The consumption of black male slaves by white men, Woodard argues, “was a natural by-product of their physical, emotional, and spiritual hunger for” the black male. “Consumption” in this text, while it does include within its definition literal documented accounts of cannibalism, is for the most part deployed metaphorically. In the Introduction to The Delectable Negro, Woodard presents the terms and phrases that will be used throughout the text in various contexts, involving a variety of subjects, and deployed across a vast array of events occurring between the sixteenth and twenty-first centuries.

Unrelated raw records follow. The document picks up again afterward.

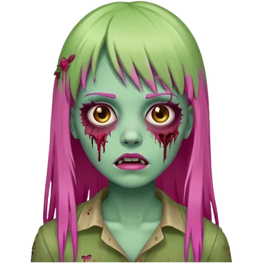 Create a zombie emoji in the style of an iPhone emoji, Hot pink hair emoji
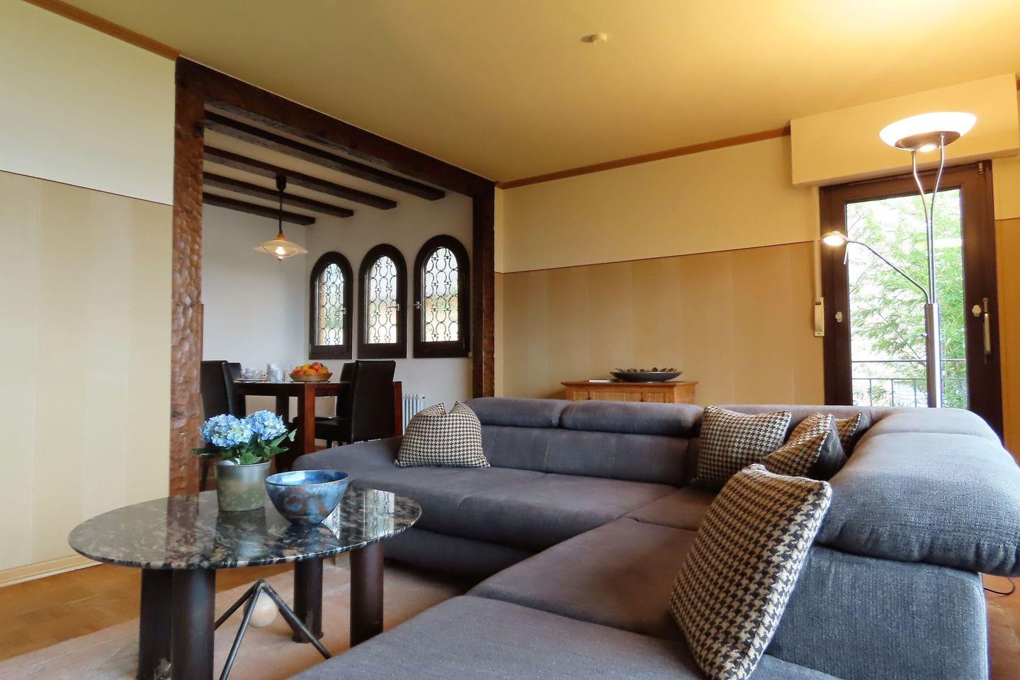 Willkommen in der stilvollen komfortablen Wohnung in bester Wohnlage, mit 3 Gehminuten zur romantischen Meersburger Altstadt. Mit Liebe zum Detail eingerichtet, lässt die Ausstattung keine Wünsche offen. Vom großzügigen überdachten Balkon haben Sie einen einmaligen Ausblick über den großen Garten hin zum See und der Alpenkette. Der große Wohn-Essbereich ist mit einem Panoramafenster versehen.
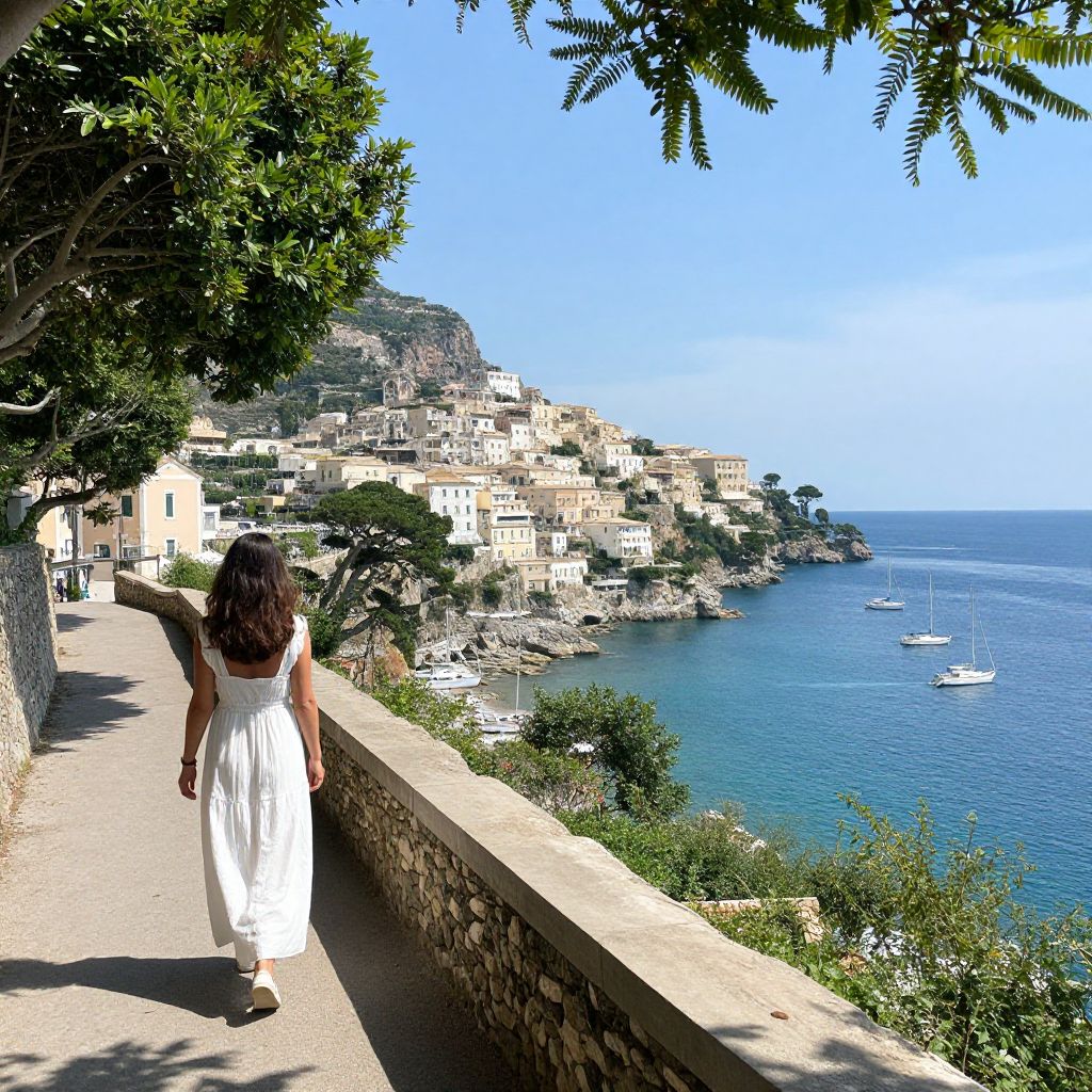 Lush green trees frame a serene coastal path where a woman in a flowing white dress walks along a stone wall, overlooking a picturesque Mediterranean town perched on rocky cliffs, with sailboats gently bobbing in the azure sea below.
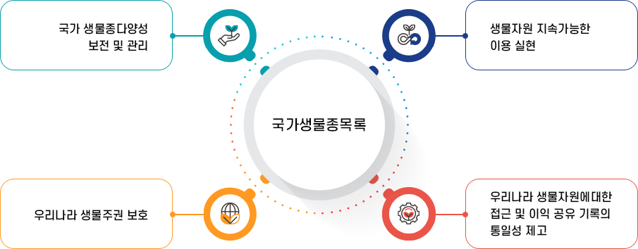 국가생물종목록은 우리나라가 관리하고 있거나 관리가 필요한 모든 생물종을 대상으로 합니다. 기관, 학계, 그리고 일반사용자들이 혼동하여 사용하고 있는 각 생물종의 학명(정명, 동종이명),
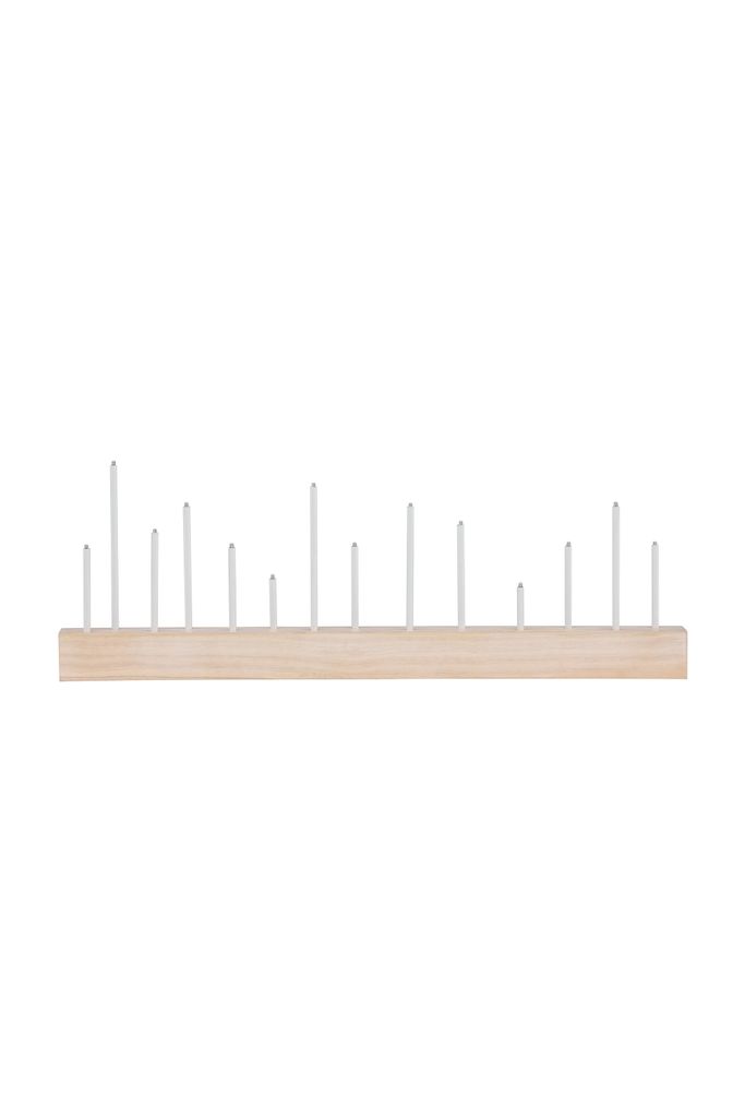 Ge ditt hem en touch av traditionell charm med Kungsberget adventsljusstake. Tillverkad i vitvättad MDF, erbjuder denna ljusstake en klassisk tolkning av adventsdekorationen. Med sina 14 lampor skapar den en varm och inbjudande glöd som förbereder ditt hem för julens förväntan.
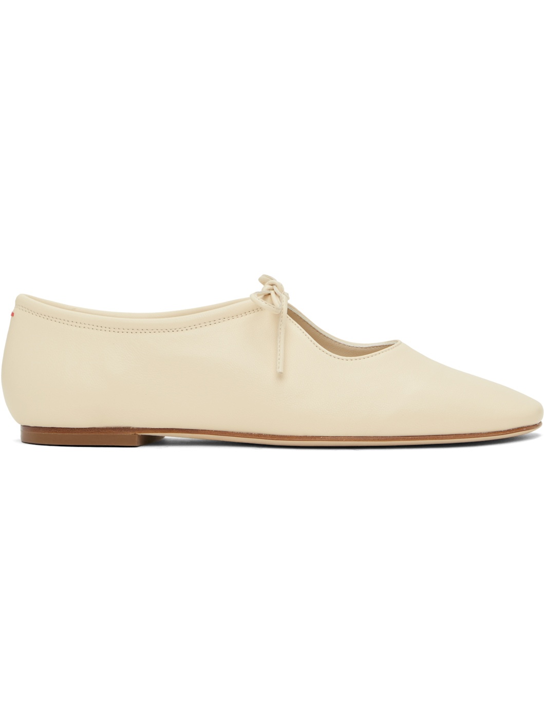 Grained nappa leather ballerina flats in beige. · Square toe · Self-tie closure · Red stitch at heel collar · Suede lining · Suede sole with rubber injection Supplier color: Creamy Upper: leather. Sole: leather, rubber. Made in Italy 251454F118061
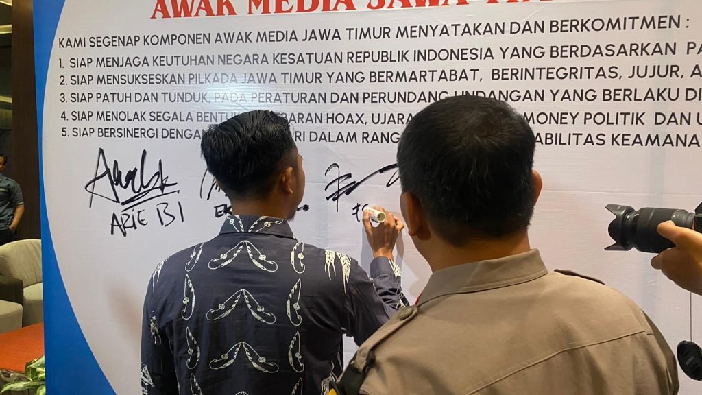 kami dari jajaran kepolisian berharap bahwa rekan-rekan media jawa timur ini bisa betul-betul konsentrasi terhadap pemerintahan bahwa diharapkan pemberitaan ini akurat seimbang dan dapat dipertanggung jawabkan serta sesuai dengan undang-undang pers dan kode etik jurnalistik yang mana dapat menyajikan informasi yang menjernihkan meyejukkan.
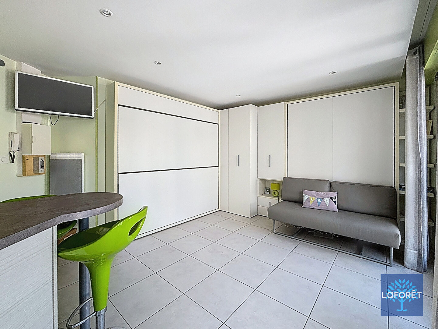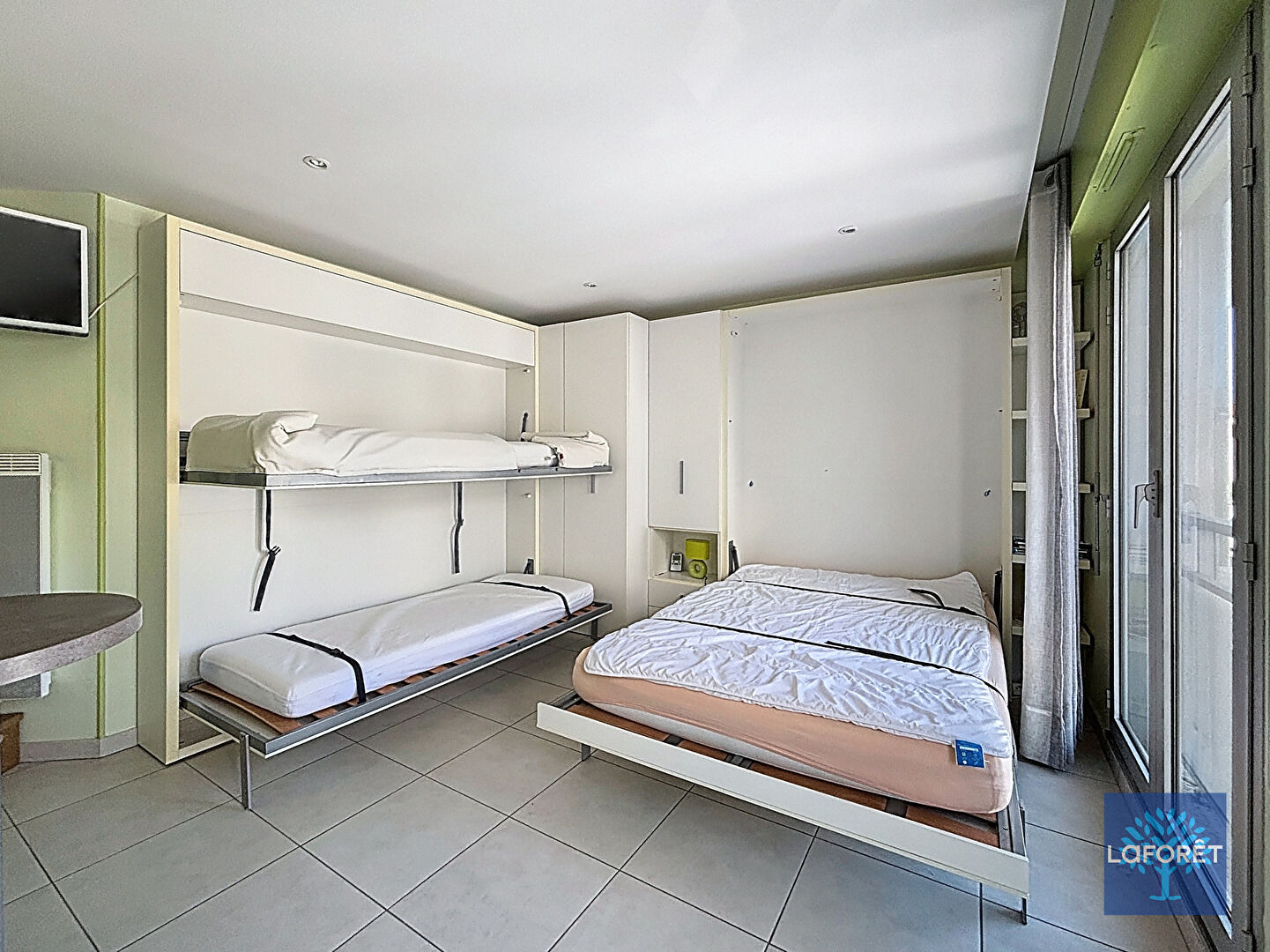 Au coeur du quartier des Présidents, avec la plage et les commerces au pied de l'immeuble, venez découvrir ce superbe studio entièrement rénové, situé dans une résidence sécurisée et équipée d'un ascenseur. Il comprend une pièce principale dotée d'un joli coin cuisine aménagé et équipé, ainsi qu'un espace de vie avec des éléments de rangement sur-mesure (avec lits escamotables pour accueillir quatre personnes) et une salle d'eau avec wc. Un bien idéal pour un projet de résidence secondaire ou d'investissement locatif.

To that end, Woodard’s work successfully holds us accountable to a dark and twisted not-so-distant past by encouraging readers to understand the enslavement of black bodies in a language we can all speak-hunger and the desire to eat. While one may hold on to a degree of skepticism when starting this text, the sheer quantity of examples, dating as early as the 16th century, will leave readers questioning the impulse to discount the evidence and reckon with larger questions concerning our shared humanity and inhuman ways. Readers will encounter classic slave narratives, non-fictional biographical materials, novels, criticism, and legal documentation used as examples throughout. The Delectable Negro is a crucial contribution to the fields of American studies, frican American studies, Anthropology, English, and History. The examples from which Woodard draws will be familiar to scholars of the US Antebellum South, but what will likely be new for all readers is Woodard’s understanding of these examples as symptoms of modern cannibalism. This book pushes back against some of the more ‘sugar-coated’notions of plantation culture circulating in the US imagination.įour hundred years of slavery is impulsively historicized and marketed as a time of ‘benevolent masters’ and ‘well-fed pickaninnies,’ but Woodard’s work relentlessly exposes the disquieting truth of this nation’s involvement in the market of human flesh.